We analytically study spectral correlations and many body wave functions of a Sachdev-Ye-Kitaev model deformed by a random Hamiltonian diagonal in Fock space. Our main result is the identification of a wide range of intermediate coupling strengths where the spectral statistics is of Wigner-Dyson type, while wave functions are nonuniformly distributed over Fock space. The structure of the theory suggests that such manifestations of nonergodic extendedness may be a prevalent phenomenon in many body chaotic quantum systems.

Figure 1

Left: Cartoon of Fock space sites $n,m,l,\dots$ (indicated by dots) connected by hopping operator $\mathcal{P}$ (solid lines).
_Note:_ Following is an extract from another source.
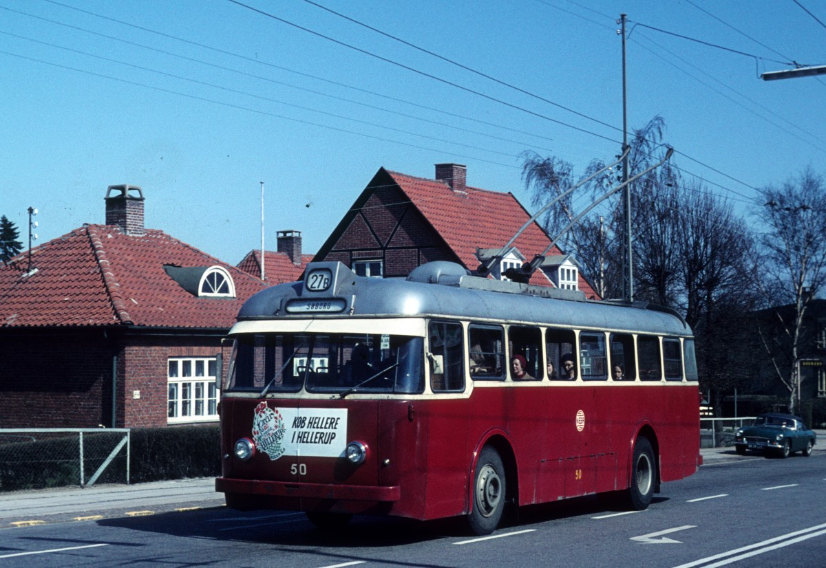 NESA Trolleybuslinie 27B (BUT/Smith, Mygind & Hüttemeier/English Electric Company-Trolleybus 50) Vangede, Ellegårdsvej am 1. Mai 1971. - Als die Strassenbahnbetriebsgesellschaft NESA 1953 ihre Strassenbahnlinien einstellte, kaufte sie 20 neue Obusse (31 - 50) des Typs LETB1 (Länge: 9,7 m, Breite: 2,44 m) mit einem Motor (EG-410C, 150 PS) von der englischen Firma English Electric Company. - Damals meinten viele, dass Trolleybusse das künftige öffentliche Verkehrsmittel in den Städten werden würden. Im Herbst 1971 stellte die NESA die Trolleybuslinien ein.
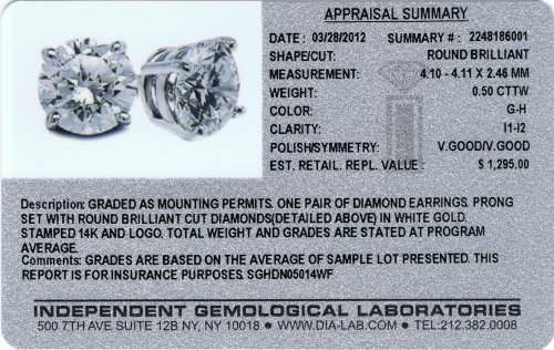 Diamond Studs Forever - Ohrstecker mit 1/2 ct. Diamanten GH/I1-I2 - Weissgold 14 Karat

For $\mathrm{\Delta }\gg 1$ exceeding the bandwidth of the unperturbed model, one may approach the problem perturbatively, i.e., taking the isolated eigenstates of levels $v_n$, $v_m$, $v_l$ as a starting point. The hybridization leads to level broadening $\kappa$ of resonant neighbors (indicated by hatched link) which have both energies $v_n$, $v_m\lesssim 1$ within the SYK band. Right side: Typical energy distributions of Fock-space neighbors connected by $\mathcal{P}$. The hybridization does, in general, not generate overlap between neighboring sites. For $\mathrm{\Delta }<N^2$ wave functions are thus extended ($\to$ Wigner-Dyson statistics) yet confined to only a fraction $\sim 1/{\mathrm{\Delta }}^2$ of the total Fock space.

Figure 2

The scattering of wave function amplitudes in Fock space. Variables $Y_{n{n}^{\prime }}^{s{s}^{\prime },\sigma {\sigma }^{\prime }}$ describe the correlated propagation of resolvents (solid lines) labeled by a conserved index $(s,\sigma )$. Scattering processes (indicated by dots) can be distinguished into those dressing propagators by “self energies” (dashed lines connecting same resolvent) and vertex contributions (dashed lines connecting different resolvents). Hatched regions summarize repeated, ladder-diagrams of vertex contributions and define the slow modes in the system. Inset: Self consistency equation for self-energy Eq. (4).

Figure 3

Inverse participation ratio as a function of $\mathrm{\Delta }$, normalized by $I_2(\mathrm{\Delta }=0)$, from exact diagonalization $N=13$; the analytical prediction Eq. (7) is indicated by the solid line. Left inset: Relative entropy (Kullback-Leibler) between numerical and Wigner Dyson (dashed), respectively, Poisson (solid) distributions. Right inset: Inverse participation ratio as a function of $N$, normalized by $I_2(N=7)$, from exact diagonalization at $\mathrm{\Delta }=10$; solid line is the analytical prediction from Eq. (7) [36].